Only You, Smokey and Bigfoot Can Prevent Forest Fires

There was a time not many years ago when Smokey Bear was on television more often that Yogi Bear, or even Yogi Berra. Smokey Bear (no ‘the’ – that was added for a song) first appeared in 1944 as part of a public service adverting campaign for the U.S. Forest Service to call attention to the danger of forest fires. Smokey’s finger-pointing “Remember… Only YOU Can Prevent Forest Fires“ image was an immediate hit. Seventy-five years later, we still have Smokey and unfortunately, still have forest fires and wildfires. That’s why the Oregon Office of State Fire Marshal (OSFM) announced this week that Smokey is getting some help from another furry fire fearer – Bigfoot.

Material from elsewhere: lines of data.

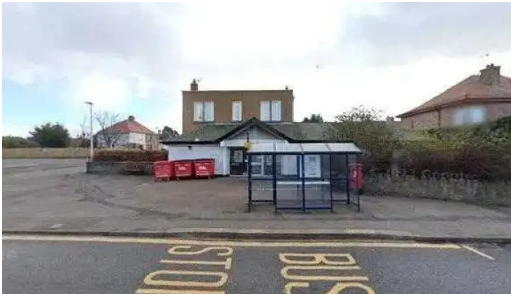
Well pharmacy street view 360deg
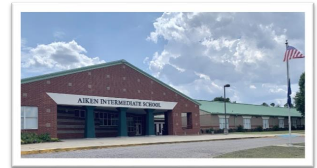
Title I School

SIC ANNUAL REPORT TO THE PARENTS 2023-2024
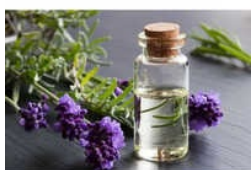
Natural Lavender Oil

“We are introducing a well-known Pacific Northwest mystery into our wildfire prevention marketing, known as Bigfoot or Sasquatch. Bigfoot is a protector of the wilderness and his “home”, and we are encouraging residents to take action to prevent wildfires.”

Starting in June, OSFM will use images of Bigfoot participating in outdoor activities on social media platforms to help raise the alert levels of Oregon residents and tourists, especially those living in or visiting Wildland–Urban Interface (WUI) areas – zones of transition between wildland (unoccupied land) and human development.

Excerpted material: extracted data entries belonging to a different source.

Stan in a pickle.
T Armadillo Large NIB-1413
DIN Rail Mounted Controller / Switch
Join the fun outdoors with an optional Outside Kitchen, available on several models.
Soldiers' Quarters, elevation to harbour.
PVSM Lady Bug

Social media images from the OSFM website

“We hope our Bigfoot campaign will draw attention and create a bigger ‘footprint’ of wildfire prevention efforts around the state. We want people to believe in fire safety, whether you are camping, visiting Oregon or recreating.”

While State Fire Marshal Jim Walker had a little Bigfoot pun fun in an interview with KTVZ, the fire prevention campaign is serious business in a state with so much forest land, so many homes very close to woodlands and an ever-increasing risk of fires due to drought, water shortages and carelessness.

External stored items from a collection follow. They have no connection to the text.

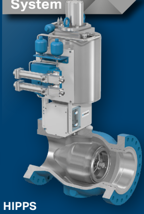
Mechanical or electronic High Integrity Pressure Protection System
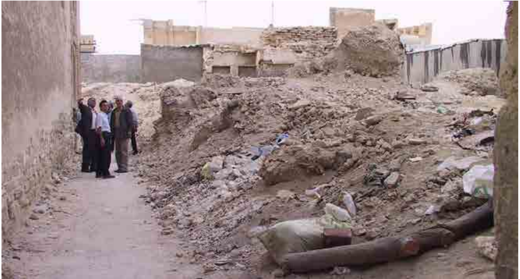
DEMOLISHED HISTORICAL BUILD BY INUNDATION

short distance between the sea and the buildings, caused the historical buildings and the built environment being demolished by inundation.
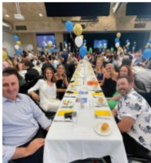
Class of 2022 Graduation evening

It also provided an opportunity to collaborate with an initiative of the Sacred Heart Parish Pastoral Council to celebrate a First Nations Peoples Mass which was used as a vehicle to commission the pilgrims (staff and students) who were participating in the Immersion Program.
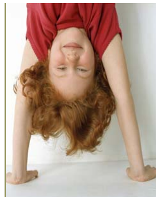
"Help save my innocence"

"Recent court cases have penalized child predators with community service, small fines and short probation."

“We’ve created images and education materials showing Bigfoot outdoors, protecting his wilderness ‘home.’ By preventing wildfires in Bigfoot’s home, we can help residents protect their homes and our communities.”

You may have noticed that ‘Bigfoot’s home’ was not in quotes. A recent survey of the top states in the U.S. for spotting Bigfoot listed Oregon at #7, close behind its Pacific Northwest neighbors – Washington and California. Do residents believe in Bigfoot? Being associated with Smokey may help. Many people believed Smokey was real long before 1950 when the U.S. Forest Service found a five-pound, three month old American black bear cub that survived a wildfire in the Capitan Mountains of New Mexico and named it Smokey. Smokey was eventually taken to the National Zoo in Washington DC where he received millions of visitors and 13,000 letters a week until he died in 1976. The plaque at his grave reads, “This is the resting place of the first living Smokey Bear … the living symbol of wildfire prevention and wildlife conservation.”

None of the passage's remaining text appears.